2. REM atonisi hapşırmaya neden olan refleks hareketini baskılar

Gün içinde ne sıklıkla hapşırdığınızı hiç merak ettiniz mi? Muhtemelen hayır, konuyu netleştirmek açısından çoğu insanın günde yaklaşık dört kez hapşırdığını bilmelisiniz. Çok fazla hapşırma oluyor. Hiç uykunda hapşırdığını hatırlayabiliyor musun? Muhtemelen böyle bir şey yapsanız uyanırsınız. Ya da belki uyandıktan sonra başka birinin hapşırdığını görmüşsünüzdür. Muhtemelen bunu hiç yaşamadınız ve bu başka bir refleks eylemi sayesinde oldu.

REM atonisi çoğu insanın uykusunda hapşıramamasının nedenidir. Uyurken rüyalarınızı gerçekleştirememenizin nedeni de budur. Kafanızda olup biten her şeyin siz farkına bile varmadan bedeninizde ortaya çıkması durumunda ortaya çıkacak kaosu hayal edebilirsiniz.

REM atonisi, bilinçli olmadığınızda beyninizin vücudunuza sinyal göndermesini önlemek için tasarlanmıştır. Bu, sizi hareketsiz tutan ve kendinizi tehlikeye atmanızı veya uyanana kadar yapmanız gerekmeyen şeyleri yapmanızı engelleyen, kendi kendine oluşan bir tür felçtir.

Bu, uykunuzda hapşırmanın imkansız olduğu anlamına gelmez. Bu iki şekilde işe yarayabilir. Birincisi, REM uykusu atoni etkisi çalışmıyor. Muhtemelen uyurgezer ve hatta uyurgezer olan insanları duymuşsunuzdur. Etki onları etkilemez. Bunun başka bir yolu da, fiziksel olarak bir şeyin hapşırmanıza neden olmasıdır ve eğer durum böyle olsaydı, beyniniz aslında önce uyanmanıza ve sonra hapşırmanıza neden olurdu.

 

1. Lazarus refleksi, beyin ölümü gerçekleşen hastaların kollarını kaldırmasına neden olur.

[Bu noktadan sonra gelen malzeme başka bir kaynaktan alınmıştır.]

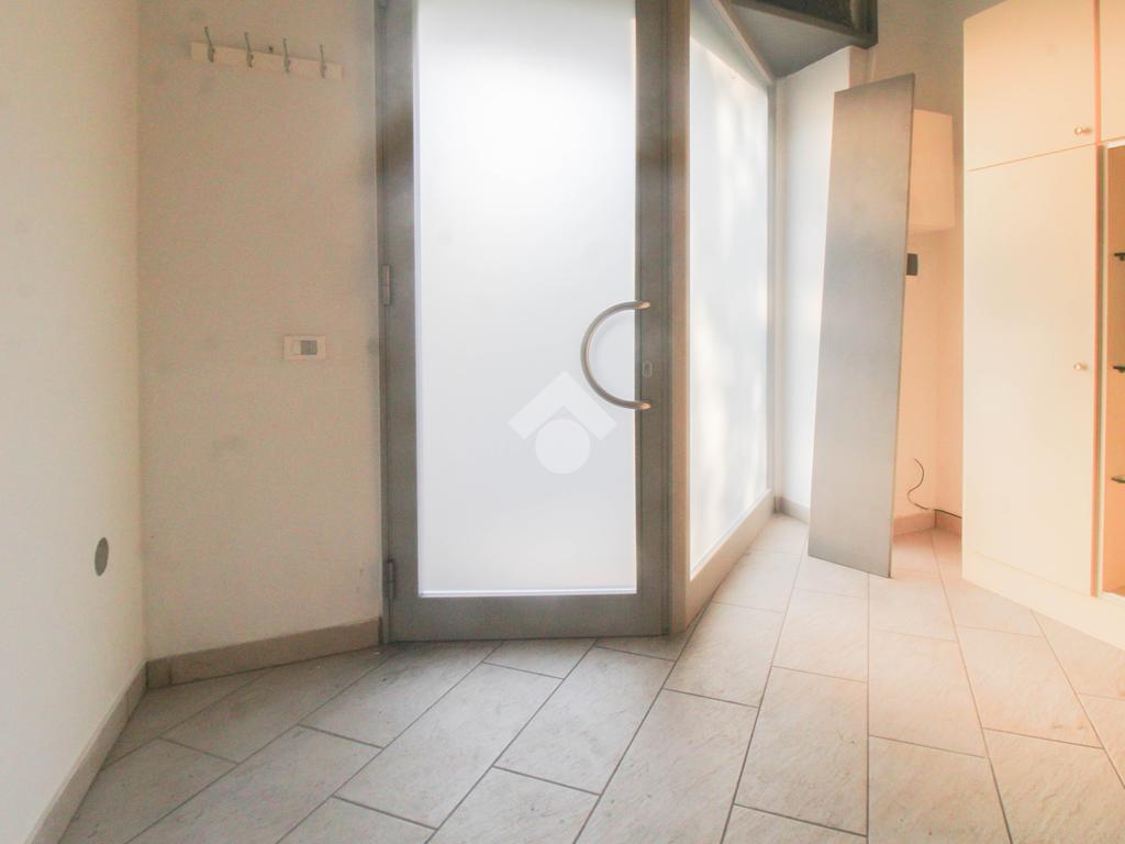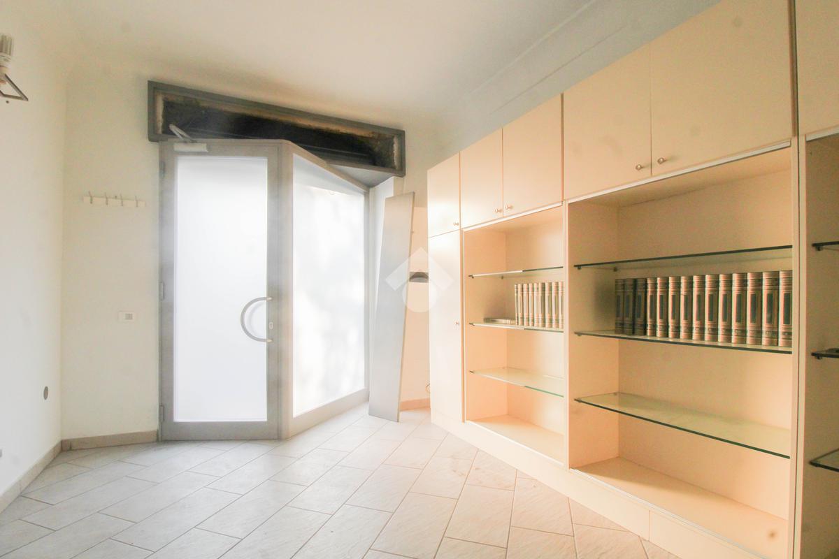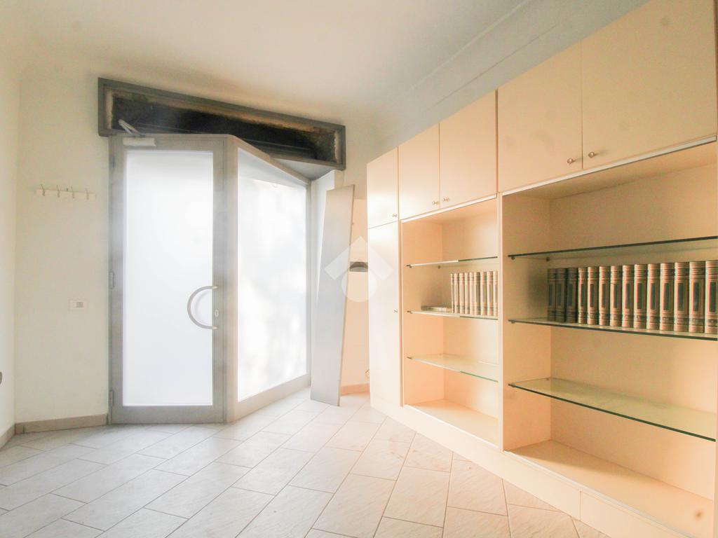 Proponiamo in locazione un ufficio di circa 45 metri quadrati situato al piano terra di un edificio di due piani.

Bir korku filmine Lazarus refleksinden daha uygun bir refleksif tepki yoktur. Adın kendisi, mağazada ne olduğuna dair küçük bir fikir veriyor. Bu refleks eylemi geçmişte insanlara, beyin ölümüyle sonuçlanan ciddi beyin hasarı mağdurlarının, göründükleri kadar ağır hasar görmemiş olabileceği konusunda güvence vermişti.

Lazarus refleksi şu şekilde çalışır: Beyin ölümü geçiren bir kişi yine de kollarını kaldırabilir ve ardından klasik "tabuttaki vampir" tavrıyla onları göğsünün üzerinde çaprazlayabilir. Öldüğü varsayılan bir hastanın yanına gittiğinizde sanki çoktan ölmüş gibi kollarının hareket ettiğini ve göğsünün üzerinde çaprazlandığını görmenin ne kadar ürkütücü olacağını tahmin edebilirsiniz. Ve eğer odanın içindeyseniz ve bunun olduğunu kendiniz görürseniz, daha da ürkütücü olur.

Lazarus'un işareti son derece nadirdir ve bu da onu daha da endişe verici hale getirir çünkü muhtemelen pek fazla insan bunu duymamıştır. Beyin ölümü vakalarının çoğunda hasta kısa bir süre sonra hayatta kalır. Ancak kaydedilen tek Lazarus belirtisi vakalarından ikisinde, hastalar beyin ölümü teşhisi konulduktan sonra 100 günden fazla yaşadılar.

Tüm kanıtlar bunun sadece sinirsel bir aktivite olduğunu ve beynin bu fonksiyona hiçbir şekilde dahil olmadığını gösteriyor. Lazarus işaretini gösteren hastalar eylemi tamamladıktan sonra kollar genellikle yanlarına doğru düşer.